O5

1.4K 69 0
                                    

"Kenapa kamu begitu memikirkannya?" tanya Davin penasaran.

Hellen tampak berpikir sejenak. "Entahlah, aku hanya pernah merasakan di posisinya sebelum menjadi model, dan itu sangat melelahkan tapi harus tetap aku lakukan demi menaikkan derajat keluargaku."

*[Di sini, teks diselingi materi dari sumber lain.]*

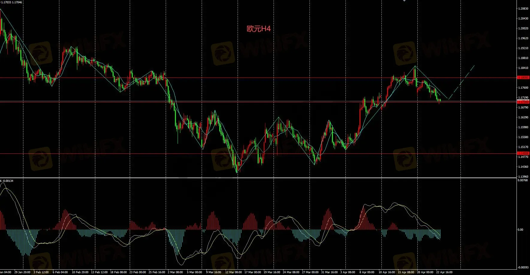 H4图表汇价,采取逢低买入操作,下方支撑1.17,只要汇价维持在该支撑上方持续看多。

Davin menghela nafasnya. "Baiklah, aku tidak akan memecatnya, karena kamu, aku jadi membayangkan jika aku berada di posisi Sheyna."

Hellen mengangguk.

"Mau ikut gue?"

Hellen mendelik, kenapa tiba-tiba sekali pria itu menggunakan bahasa normal.

"Kemana?"

"Ke meja kerja doang."

"Dasar! Gue kira lo mau ngajakkin gue kemana gitu!" balas Hellen.

Davin mendadak kaget, penuturan gadis itu sangat berbeda jika sedang menggunakan bahasa seperti ini.

"Sini." Davin menyuruh Hellen untuk menghampirinya.

Hellen menurut saja, ia mendekati meja kerja Davin. Davin membuka laci di bawah meja itu perlahan dan mengambil setumpuk buku-? Jelas Hellen terlihat bingung.

Setumpuk buku itu pun Davin taruh di meja kerjanya yang kosong.

"Coba lo liat." suruhnya.

Hellen menatap nanar Davin. Gadis itu mengambil salah satu buku tersebut dan membalikkannya, begitu terkejut saat melihat itu adalah majalahnya.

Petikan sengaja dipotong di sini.